Re: [PATCH 3/7] kgdb: Add request_nmi() to the io ops table for kgdboc

From: Daniel Thompson
Date: Mon Jun 29 2020 - 16:52:12 EST


On Fri, Jun 26, 2020 at 12:44:15PM -0700, Doug Anderson wrote:
> Hi,
>
> On Tue, Jun 23, 2020 at 3:59 AM Daniel Thompson
> <daniel.thompson@xxxxxxxxxx> wrote:
> >
> > On Tue, Jun 23, 2020 at 02:07:47PM +0530, Sumit Garg wrote:
> > > On Mon, 22 Jun 2020 at 21:33, Daniel Thompson
> > > <daniel.thompson@xxxxxxxxxx> wrote:
> > > > > + irq_set_status_flags(irq, IRQ_NOAUTOEN);
> > > > > + res = request_nmi(irq, fn, IRQF_PERCPU, "kgdboc", dev_id);
> > > >
> > > > Why do we need IRQF_PERCPU here. A UART interrupt is not normally
> > > > per-cpu?
> > > >
> > >
> > > Have a look at this comment [1] and corresponding check in
> > > request_nmi(). So essentially yes UART interrupt is not normally
> > > per-cpu but in order to make it an NMI, we need to request it in
> > > per-cpu mode.
> > >
> > > [1] https://git.kernel.org/pub/scm/linux/kernel/git/torvalds/linux.git/tree/kernel/irq/manage.c#n2112
> >
> > Thanks! This is clear.
> >
> > > > > + if (res) {
> > > > > + res = request_irq(irq, fn, IRQF_SHARED, "kgdboc", dev_id);
> > > >
> > > > IRQF_SHARED?
> > > >
> > > > Currrently there is nothing that prevents concurrent activation of
> > > > ttyNMI0 and the underlying serial driver. Using IRQF_SHARED means it
> > > > becomes possible for both drivers to try to service the same interrupt.
> > > > That risks some rather "interesting" problems.
> > > >
> > >
> > > Could you elaborate more on "interesting" problems?
> >
> > Er... one of the serial drivers we have allowed the userspace to open
> > will, at best, be stone dead and not passing any characters.
> >
> >
> > > BTW, I noticed one more problem with this patch that is IRQF_SHARED
> > > doesn't go well with IRQ_NOAUTOEN status flag. Earlier I tested it
> > > with auto enable set.
> > >
> > > But if we agree that both shouldn't be active at the same time due to
> > > some real problems(?) then I can rid of IRQF_SHARED as well.

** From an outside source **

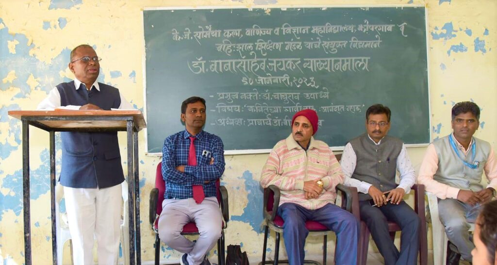 बहि:शाल शिक्षण मंडळ-सावित्रीबाई फुले पुणे विद्यापीठ पुणे व के. जे. सोमैया महाविद्यालय यांचे संयुक्त विद्यमाने दि. ९ व १० जानेवारी रोजी डॉ. बाबासाहेब जयकर व यशवंतराव चव्हाण व्याख्यानमालेचे यशस्वी आयोजन करण्यात आले. डॉ. बाबासाहेब जयकर व्याख्यानमालेचे वक्ते डॉ. बाबुराव उपाध्ये ‘कवितेच्या गावी जाऊ : आनंदाने न्हाऊ’ या विषयावर बोलताना म्हणाले की “कविता ही आनंदी जीवन जगण्याचे सशक्त माध्यम आहे. कवितेद्वारे समाज-मनातील भाव-भावना तसेच कष्टकऱ्यांचा आवाज, सामाजिक जाणीवा आदींना व्यासपीठ उपलब्ध करून दिला जातो. मी स्वतः जे जीवन जगलो तेच माझ्या कवितेद्वारे शब्दबद्ध करीत गेलो. त्यामुळे माझ्या कवितेत वाचकांना दुःख, व्यथा व कष्टाचे प्रतिबिंब पडलेले अधिक जाणवते. माझी कविता मनोरंजन कमी आणि सर्वसामान्यांच्या दुःखावर फुंकर घालण्याचा प्रयत्न अधिक करते.” यावेळी डॉ. उपाध्ये यांनी स्वतःच्या निवडक कवितांबरोबरच ग. दि. माडगूळकर, विंदा करंदीकर, मंगेश पाडगावकर, राष्ट्रसंत गाडगेबाबा, राष्ट्रसंत तुकडोजी महाराज यांच्याही कविता सादर करून विद्यार्थ्यांना मंत्रमुग्ध केले. तसेच सध्याच्या सोशल मीडियाच्या काळात विद्यार्थ्यांनी विविध काव्यग्रंथ आणि प्रासंगिक साहित्य वाचत राहून वाचन संस्कृती टिकवली पाहिजे. त्यातून आपल्याला समृद्ध जीवन जगण्याचा मार्ग सापडेल असेही सांगितले.

Also, I
> > > think we should unregister underlying tty driver (eg. /dev/ttyAMA0) as
> > > well as otherwise it would provide a broken interface to user-space.
> >
> > I don't have a particular strong opinion on whether IRQF_SHARED is
> > correct or not correct since I think that misses the point.
> >
> > Firstly, using IRQF_SHARED shows us that there is no interlocking
> > between kgdb_nmi and the underlying serial driver. That probably tells
> > us about the importance of the interlock than about IRQF_SHARED.
> >
> > To some extent I'm also unsure that kgdb_nmi could ever actually know
> > the correct flags to use in all cases (that was another reason for the
> > TODO comment about poll_get_irq() being a bogus API).
>
> I do wonder a little bit if the architecture of the "kgdb_nmi_console"
> should change. I remember looking at it in the past and thinking it a
> little weird that if I wanted to get it to work I'd need to change my
> "console=" command line to go through this new driver and (I guess)
> change the agetty I have running on my serial port to point to
> ttyNMI0. Is that how it's supposed to work? Then if I want to do a
> build without kgdb then I need to go in and change my agetty to point
> back at my normal serial port?
>
> It kinda feels like a better way to much of what the driver does would be to:
>
> 1. Allow kgdb to sniff incoming serial bytes on a port and look for
> its characters. We already have this feature in the kernel to a small
> extent for sniffing a break / sysrq character.
>
> 2. If userspace doesn't happen to have the serial port open then
> ideally we could open the port (using all the standard APIs that
> already exist) from in the kernel and just throw away all the bytes
> (since we already sniffed them). As soon as userspace tried to open
> the port when it would get ownership and if userspace ever closed the
> port then we'd start reading / throwing away bytes again.
>
> If we had a solution like that:
>
> a) No serial drivers would need to change.
>
> b) No kernel command line parameters would need to change.
>
> Obviously that solution wouldn't magically get you an NMI, though.
> For that I'd presume the right answer would be to add a parameter for
> each serial driver that can support it to run its rx interrupt in NMI
> mode.

... or allow modal changes to the uart driver when kgdboc comes up?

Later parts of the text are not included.